Старшие дети промолчали, понимая, что вопрос к младшему. Но Володя, всегда соображавший быстро, на сей раз крепко задумался.
– Ну же, Володечка, ведь просто, – поторопила его гувернантка Наталья Ивановна.
– Понял, это задачка, – наконец изрек вундеркинд. – Надо между цифрами арифметические знаки расставить. – И гордо добавил: – Плюс, равно и опять плюс.
– Балда, – обозвала младшего брата Татьяна. – Это год постройки. Одна тысяча семьсот пятьдесят третий.
– А я думаю, Володя прав, – поспешил успокоить расстроившегося брата Евгений, а заодно снова попытался вывести на разговор свою обже [54]. – Меншиков умер в двадцать девятом. А вы, Нина, только что утверждали, что дворец построен при его жизни. Я не ослышался?
– Да, дворец закончили при Меншикове. И канал тогда же вырыли. А вот павильоны пристроили позже. Прокатимся на шлюпке?
На воде обдувал ветерок, сперва казавшийся приятным, однако к концу небольшого, в полверсты, путешествия всем пришлось из-за него укутаться в одеяла, предусмотрительно положенные на скамейки.
– Однажды Петр решил посмотреть, что это за дворец строит в Ораниенбауме его любимец Алексашка, – рассказывала Сашенька историю канала, усевшись на носу шлюпки. – Известил того письмом, что через три дня приплывет из Петергофа. Светлейший, получив послание, перепугался. И в мыслях не имел, что государь вздумает именно приплыть, а не подъехать. Что делать? Думал светлейший, думал, да и придумал. Пригнал девять тысяч солдат, и они за трое суток вырыли канал, приблизив, так сказать, дворец к морю. Царь приплыл, сказал, что канал, конечно, знатный, да вот только чересчур коштоватый [55]. Зато ему понравился сад, хотя в те времена мраморных скульптур, как сейчас, не было, стояли раскрашенные в белую краску деревянные. Понравились Петру и фонтаны, которые, увы, уничтожили по приказу Екатерины Второй. Говорят, она их не любила… К сожалению, не сохранились и оранжереи, в которых к столу светлейшего выращивали заморские фрукты: ананасы, персики, абрикосы, ну и, конечно, померанцы. Какой без них Ораниенбаум?
– А оранжереи зачем уничтожили? Екатерина Вторая не только фонтаны, но и фрукты не любила? – уточнила Татьяна.

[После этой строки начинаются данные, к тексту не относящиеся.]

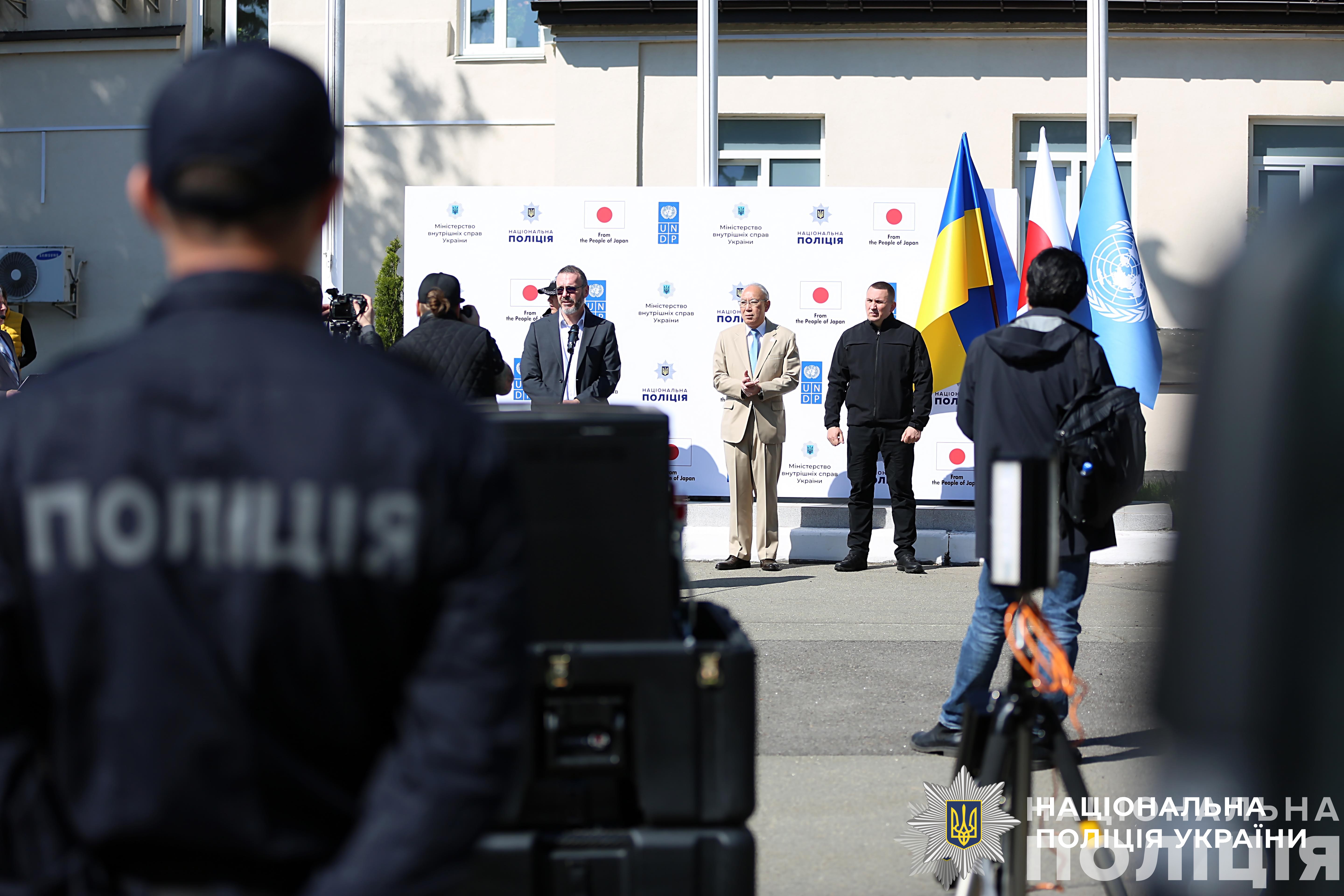 Сьогодні, 15 травня, за підтримки Програми розвитку Організації Об’єднаних Націй (ПРООН) в Україні та Посольства Японії в Україні відбулася передача техніки для посилення криміналістичних підрозділів Нацполіції. Це стало можливим у рамках проєкту міжнародної технічної допомоги «Посилення гуманітарної безпеки в Україні шляхом реагування на багатовимірну кризу, спричинену війною, та подолання високої вразливості зумовленої війною, що триває в країні».

– Оранжерей она уже не застала. Когда Меншикова отправили в ссылку, парк с дворцом конфисковали в казну, и без хозяйского ока все здесь быстро «пришло во всеконечное разорение», – процитировала княгиня старинный документ. – Местные жители разобрали оранжереи себе на постройки. Разобрали и уникальную Турецкую баню, которую венчала круглая стеклянная крыша. Меншиков очень любил там мыться. Кстати, при дворе светлейшего за глаза обзывали «чистюлей».
– Обзывали? – удивилась Татьяна. – Что плохого в гигиене?
– По тогдашним представлениям мылся он чересчур часто – аж раз в месяц.
– Раз в месяц? – воскликнула Нина, брезгливо поморщив носик. – Представляю, как от него воняло.
– А как воняло от тех, кто обзывался? – тут же встрял Евгений. – Они мылись еще реже.
– Вы шутите? – спросила Нина и, вот оно счастье, улыбнулась!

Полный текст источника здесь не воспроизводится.